The task: From the listing below, restate word for word the lines from the line containing "Essa capa de" down through the line containing "12/05/2024 | ![]() |". Exclude pictures.

Supplied data:
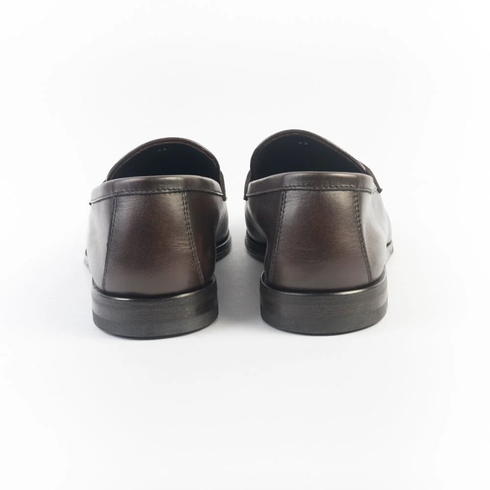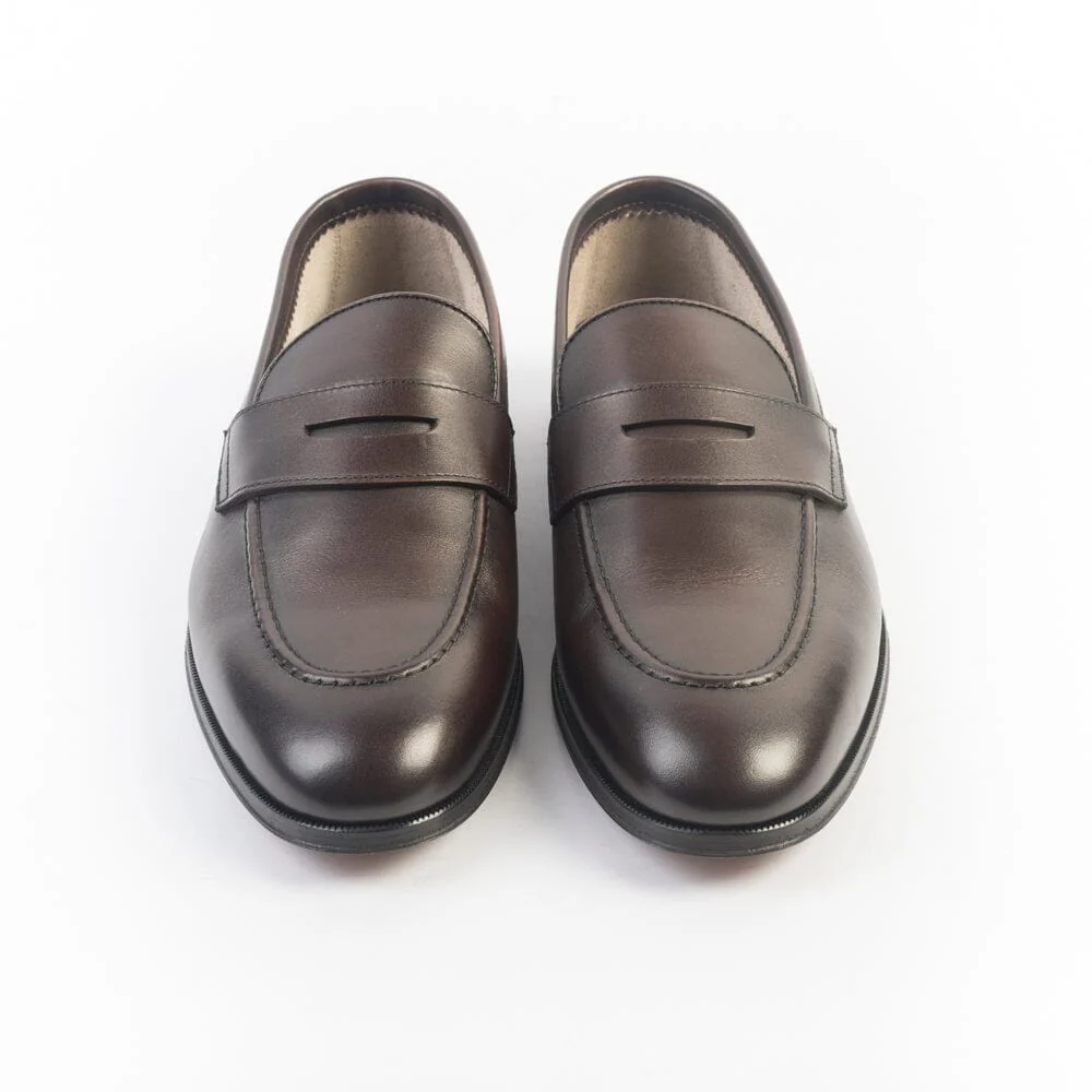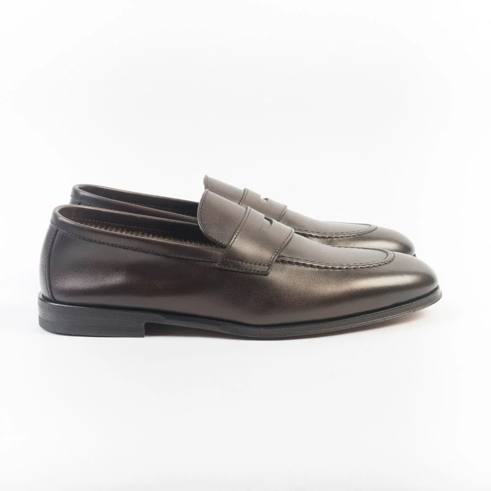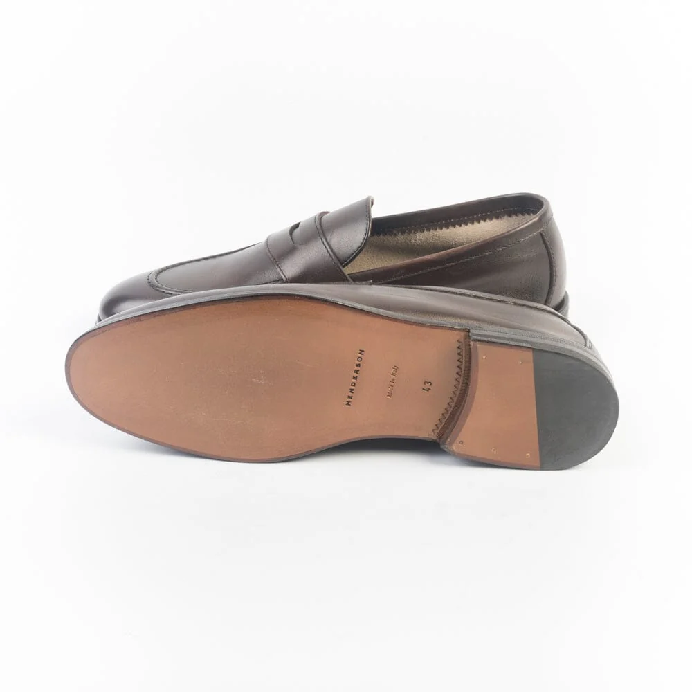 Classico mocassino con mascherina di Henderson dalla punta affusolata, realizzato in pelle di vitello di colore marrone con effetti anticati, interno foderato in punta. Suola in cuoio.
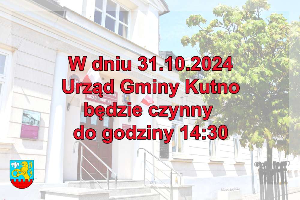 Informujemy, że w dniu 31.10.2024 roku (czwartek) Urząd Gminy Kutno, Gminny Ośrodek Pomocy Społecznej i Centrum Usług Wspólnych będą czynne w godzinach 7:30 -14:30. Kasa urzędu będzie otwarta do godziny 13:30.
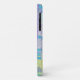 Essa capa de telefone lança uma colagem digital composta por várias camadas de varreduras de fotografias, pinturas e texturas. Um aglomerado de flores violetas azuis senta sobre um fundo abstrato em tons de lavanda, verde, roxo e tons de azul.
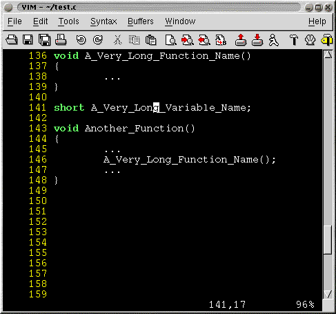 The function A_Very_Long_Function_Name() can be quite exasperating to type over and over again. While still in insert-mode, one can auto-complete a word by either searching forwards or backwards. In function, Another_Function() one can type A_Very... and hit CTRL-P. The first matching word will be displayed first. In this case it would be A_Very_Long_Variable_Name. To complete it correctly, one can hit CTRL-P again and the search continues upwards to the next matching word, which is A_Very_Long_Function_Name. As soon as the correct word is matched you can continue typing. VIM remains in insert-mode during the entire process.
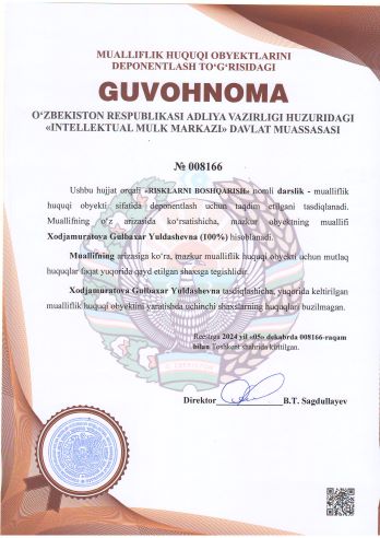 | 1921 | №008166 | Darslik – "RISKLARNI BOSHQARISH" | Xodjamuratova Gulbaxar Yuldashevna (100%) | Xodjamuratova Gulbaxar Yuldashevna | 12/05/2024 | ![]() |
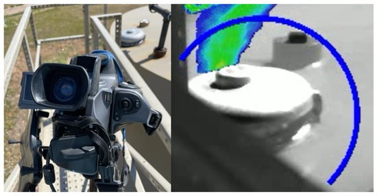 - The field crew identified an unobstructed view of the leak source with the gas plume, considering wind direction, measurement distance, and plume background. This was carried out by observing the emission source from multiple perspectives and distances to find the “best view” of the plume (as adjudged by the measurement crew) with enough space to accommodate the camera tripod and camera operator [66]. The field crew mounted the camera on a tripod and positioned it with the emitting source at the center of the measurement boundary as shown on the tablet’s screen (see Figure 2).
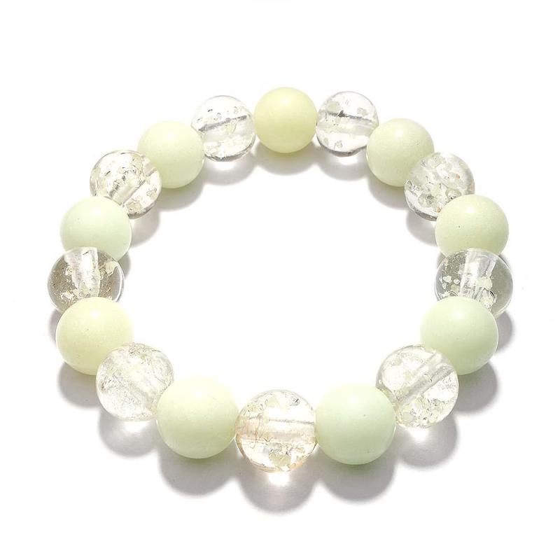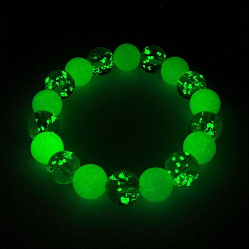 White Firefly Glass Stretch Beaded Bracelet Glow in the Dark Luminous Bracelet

Solution below:
 Essa capa de telefone lança uma colagem digital composta por várias camadas de varreduras de fotografias, pinturas e texturas. Um aglomerado de flores violetas azuis senta sobre um fundo abstrato em tons de lavanda, verde, roxo e tons de azul.
 The function A_Very_Long_Function_Name() can be quite exasperating to type over and over again. While still in insert-mode, one can auto-complete a word by either searching forwards or backwards. In function, Another_Function() one can type A_Very... and hit CTRL-P. The first matching word will be displayed first. In this case it would be A_Very_Long_Variable_Name. To complete it correctly, one can hit CTRL-P again and the search continues upwards to the next matching word, which is A_Very_Long_Function_Name. As soon as the correct word is matched you can continue typing. VIM remains in insert-mode during the entire process.
 | 1921 | №008166 | Darslik – "RISKLARNI BOSHQARISH" | Xodjamuratova Gulbaxar Yuldashevna (100%) | Xodjamuratova Gulbaxar Yuldashevna | 12/05/2024 | ![]() |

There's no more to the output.